[Source records]
....................

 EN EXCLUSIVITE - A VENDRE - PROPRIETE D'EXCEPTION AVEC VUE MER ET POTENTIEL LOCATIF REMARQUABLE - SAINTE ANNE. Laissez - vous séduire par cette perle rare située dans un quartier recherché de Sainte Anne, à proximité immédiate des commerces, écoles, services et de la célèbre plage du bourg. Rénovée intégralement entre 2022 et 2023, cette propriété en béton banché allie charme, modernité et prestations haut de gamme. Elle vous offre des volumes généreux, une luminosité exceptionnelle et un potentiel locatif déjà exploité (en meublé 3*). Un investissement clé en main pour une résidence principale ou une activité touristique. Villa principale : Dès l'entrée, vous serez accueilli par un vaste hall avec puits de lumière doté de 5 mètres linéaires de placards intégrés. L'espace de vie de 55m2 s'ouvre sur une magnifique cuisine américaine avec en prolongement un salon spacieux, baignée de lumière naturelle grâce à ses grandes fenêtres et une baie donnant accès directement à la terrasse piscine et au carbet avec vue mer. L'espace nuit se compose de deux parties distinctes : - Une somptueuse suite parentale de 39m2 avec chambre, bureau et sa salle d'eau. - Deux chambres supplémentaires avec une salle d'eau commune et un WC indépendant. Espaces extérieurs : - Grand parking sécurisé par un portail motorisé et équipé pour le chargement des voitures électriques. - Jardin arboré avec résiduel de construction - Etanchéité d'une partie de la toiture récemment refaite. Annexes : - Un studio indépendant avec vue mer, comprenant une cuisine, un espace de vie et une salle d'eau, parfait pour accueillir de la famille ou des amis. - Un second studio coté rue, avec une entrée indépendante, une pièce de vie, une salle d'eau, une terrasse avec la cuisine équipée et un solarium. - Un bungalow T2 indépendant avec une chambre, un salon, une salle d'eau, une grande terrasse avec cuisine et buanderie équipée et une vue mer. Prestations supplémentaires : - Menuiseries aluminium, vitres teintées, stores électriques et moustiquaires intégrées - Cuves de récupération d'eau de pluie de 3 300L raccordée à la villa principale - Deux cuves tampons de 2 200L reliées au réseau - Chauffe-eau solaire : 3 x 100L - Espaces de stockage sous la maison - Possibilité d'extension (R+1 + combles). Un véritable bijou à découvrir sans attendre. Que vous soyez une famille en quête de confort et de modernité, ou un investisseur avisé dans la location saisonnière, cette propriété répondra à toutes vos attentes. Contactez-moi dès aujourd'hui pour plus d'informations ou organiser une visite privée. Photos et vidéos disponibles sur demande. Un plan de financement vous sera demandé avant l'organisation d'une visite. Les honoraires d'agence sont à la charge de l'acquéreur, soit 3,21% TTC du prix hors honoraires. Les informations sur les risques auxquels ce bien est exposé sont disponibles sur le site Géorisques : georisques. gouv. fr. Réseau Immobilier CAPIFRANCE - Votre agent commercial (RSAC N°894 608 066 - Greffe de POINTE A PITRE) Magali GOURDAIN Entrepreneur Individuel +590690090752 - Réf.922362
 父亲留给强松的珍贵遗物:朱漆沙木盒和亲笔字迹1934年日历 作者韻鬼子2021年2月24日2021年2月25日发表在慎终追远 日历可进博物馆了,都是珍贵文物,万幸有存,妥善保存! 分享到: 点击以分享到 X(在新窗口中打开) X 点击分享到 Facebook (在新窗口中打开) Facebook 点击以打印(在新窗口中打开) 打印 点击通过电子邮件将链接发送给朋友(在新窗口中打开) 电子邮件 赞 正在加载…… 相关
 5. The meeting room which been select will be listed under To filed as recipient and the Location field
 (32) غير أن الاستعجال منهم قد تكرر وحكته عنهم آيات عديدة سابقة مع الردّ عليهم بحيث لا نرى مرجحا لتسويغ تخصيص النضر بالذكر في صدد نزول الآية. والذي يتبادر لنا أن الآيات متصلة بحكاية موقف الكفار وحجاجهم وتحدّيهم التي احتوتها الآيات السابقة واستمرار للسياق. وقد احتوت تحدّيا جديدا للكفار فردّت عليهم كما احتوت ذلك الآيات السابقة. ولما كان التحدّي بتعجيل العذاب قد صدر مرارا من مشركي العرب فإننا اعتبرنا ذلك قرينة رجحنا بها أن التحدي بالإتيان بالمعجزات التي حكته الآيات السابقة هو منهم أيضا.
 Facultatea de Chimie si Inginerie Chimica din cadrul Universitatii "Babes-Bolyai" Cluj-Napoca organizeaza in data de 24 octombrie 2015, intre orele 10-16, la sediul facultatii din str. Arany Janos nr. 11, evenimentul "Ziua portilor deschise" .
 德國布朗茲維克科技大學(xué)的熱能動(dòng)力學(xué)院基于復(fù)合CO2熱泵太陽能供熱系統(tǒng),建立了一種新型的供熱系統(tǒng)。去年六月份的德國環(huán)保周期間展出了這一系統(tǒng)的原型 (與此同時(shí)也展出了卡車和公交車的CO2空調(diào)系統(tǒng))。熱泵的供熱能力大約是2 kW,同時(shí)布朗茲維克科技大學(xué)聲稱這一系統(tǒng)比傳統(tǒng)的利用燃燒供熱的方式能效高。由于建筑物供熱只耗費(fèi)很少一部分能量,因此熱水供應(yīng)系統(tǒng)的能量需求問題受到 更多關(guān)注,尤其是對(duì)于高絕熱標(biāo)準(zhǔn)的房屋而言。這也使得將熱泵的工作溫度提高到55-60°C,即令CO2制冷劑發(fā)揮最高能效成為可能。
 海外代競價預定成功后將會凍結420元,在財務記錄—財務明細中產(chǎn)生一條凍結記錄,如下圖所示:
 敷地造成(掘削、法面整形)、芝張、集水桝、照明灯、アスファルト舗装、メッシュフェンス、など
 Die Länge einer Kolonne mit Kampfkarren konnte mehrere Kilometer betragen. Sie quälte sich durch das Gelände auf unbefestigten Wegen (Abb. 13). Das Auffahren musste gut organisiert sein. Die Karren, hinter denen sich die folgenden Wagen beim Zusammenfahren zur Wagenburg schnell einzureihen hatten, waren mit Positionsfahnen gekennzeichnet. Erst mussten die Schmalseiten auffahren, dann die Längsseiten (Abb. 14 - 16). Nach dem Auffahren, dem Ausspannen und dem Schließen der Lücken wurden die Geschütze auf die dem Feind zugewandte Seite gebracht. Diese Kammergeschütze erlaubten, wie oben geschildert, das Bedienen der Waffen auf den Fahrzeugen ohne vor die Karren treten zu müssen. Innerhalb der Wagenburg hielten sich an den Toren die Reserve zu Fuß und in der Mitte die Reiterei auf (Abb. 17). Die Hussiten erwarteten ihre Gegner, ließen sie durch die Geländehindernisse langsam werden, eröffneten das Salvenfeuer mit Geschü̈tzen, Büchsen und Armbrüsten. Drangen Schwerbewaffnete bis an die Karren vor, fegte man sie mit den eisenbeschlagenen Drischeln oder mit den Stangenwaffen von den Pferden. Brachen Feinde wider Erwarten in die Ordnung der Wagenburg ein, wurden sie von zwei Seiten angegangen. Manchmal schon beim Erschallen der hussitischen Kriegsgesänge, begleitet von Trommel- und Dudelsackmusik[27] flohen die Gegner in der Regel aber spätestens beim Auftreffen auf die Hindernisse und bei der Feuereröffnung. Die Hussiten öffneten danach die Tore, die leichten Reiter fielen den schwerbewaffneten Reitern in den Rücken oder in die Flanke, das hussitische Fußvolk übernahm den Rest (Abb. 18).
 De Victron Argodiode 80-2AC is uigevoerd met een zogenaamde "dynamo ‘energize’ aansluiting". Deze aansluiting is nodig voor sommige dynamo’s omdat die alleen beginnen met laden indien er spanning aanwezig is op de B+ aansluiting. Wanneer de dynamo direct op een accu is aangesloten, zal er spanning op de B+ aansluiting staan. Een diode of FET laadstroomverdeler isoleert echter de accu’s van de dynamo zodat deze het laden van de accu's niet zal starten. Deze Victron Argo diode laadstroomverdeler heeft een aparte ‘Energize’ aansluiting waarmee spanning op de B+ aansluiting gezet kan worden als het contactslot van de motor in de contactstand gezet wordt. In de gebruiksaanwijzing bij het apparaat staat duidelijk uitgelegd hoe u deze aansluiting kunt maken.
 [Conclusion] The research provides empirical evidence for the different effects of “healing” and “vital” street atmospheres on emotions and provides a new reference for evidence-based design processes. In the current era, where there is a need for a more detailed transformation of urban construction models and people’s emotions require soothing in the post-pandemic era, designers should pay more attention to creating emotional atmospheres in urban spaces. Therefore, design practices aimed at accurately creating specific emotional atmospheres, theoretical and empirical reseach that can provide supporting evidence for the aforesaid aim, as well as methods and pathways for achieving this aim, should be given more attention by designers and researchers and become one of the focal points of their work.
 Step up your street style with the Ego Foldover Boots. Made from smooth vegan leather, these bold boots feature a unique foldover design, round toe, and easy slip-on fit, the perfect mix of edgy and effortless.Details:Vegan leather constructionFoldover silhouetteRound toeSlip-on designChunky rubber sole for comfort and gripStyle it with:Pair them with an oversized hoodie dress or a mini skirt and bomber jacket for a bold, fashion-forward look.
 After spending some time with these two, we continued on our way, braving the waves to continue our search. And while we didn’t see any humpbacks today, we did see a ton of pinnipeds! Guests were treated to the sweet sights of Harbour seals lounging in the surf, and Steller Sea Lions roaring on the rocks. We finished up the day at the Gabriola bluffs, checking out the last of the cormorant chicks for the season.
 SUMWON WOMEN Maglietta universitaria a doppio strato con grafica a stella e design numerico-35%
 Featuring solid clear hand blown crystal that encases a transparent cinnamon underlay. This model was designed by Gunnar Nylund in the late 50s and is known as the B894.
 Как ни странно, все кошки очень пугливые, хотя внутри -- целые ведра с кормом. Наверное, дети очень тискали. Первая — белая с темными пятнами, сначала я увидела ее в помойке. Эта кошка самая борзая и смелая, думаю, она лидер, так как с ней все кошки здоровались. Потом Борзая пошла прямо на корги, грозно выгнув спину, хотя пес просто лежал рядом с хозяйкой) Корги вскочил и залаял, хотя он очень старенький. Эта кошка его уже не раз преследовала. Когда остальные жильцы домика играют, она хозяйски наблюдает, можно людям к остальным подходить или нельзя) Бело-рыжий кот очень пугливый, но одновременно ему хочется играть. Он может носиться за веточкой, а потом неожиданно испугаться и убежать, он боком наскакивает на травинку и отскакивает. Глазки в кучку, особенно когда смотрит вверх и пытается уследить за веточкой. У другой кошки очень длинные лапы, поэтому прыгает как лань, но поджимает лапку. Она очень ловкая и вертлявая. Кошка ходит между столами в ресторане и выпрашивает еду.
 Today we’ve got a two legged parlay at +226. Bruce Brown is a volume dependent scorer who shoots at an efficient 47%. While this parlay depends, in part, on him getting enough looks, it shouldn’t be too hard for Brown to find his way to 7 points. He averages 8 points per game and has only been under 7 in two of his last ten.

....................

__TASK__:
Go through the entries and return each line where the word "with" occurs.

__RESPONSE TO THIS TASK__:
 Step up your street style with the Ego Foldover Boots. Made from smooth vegan leather, these bold boots feature a unique foldover design, round toe, and easy slip-on fit, the perfect mix of edgy and effortless.Details:Vegan leather constructionFoldover silhouetteRound toeSlip-on designChunky rubber sole for comfort and gripStyle it with:Pair them with an oversized hoodie dress or a mini skirt and bomber jacket for a bold, fashion-forward look.
 After spending some time with these two, we continued on our way, braving the waves to continue our search. And while we didn’t see any humpbacks today, we did see a ton of pinnipeds! Guests were treated to the sweet sights of Harbour seals lounging in the surf, and Steller Sea Lions roaring on the rocks. We finished up the day at the Gabriola bluffs, checking out the last of the cormorant chicks for the season.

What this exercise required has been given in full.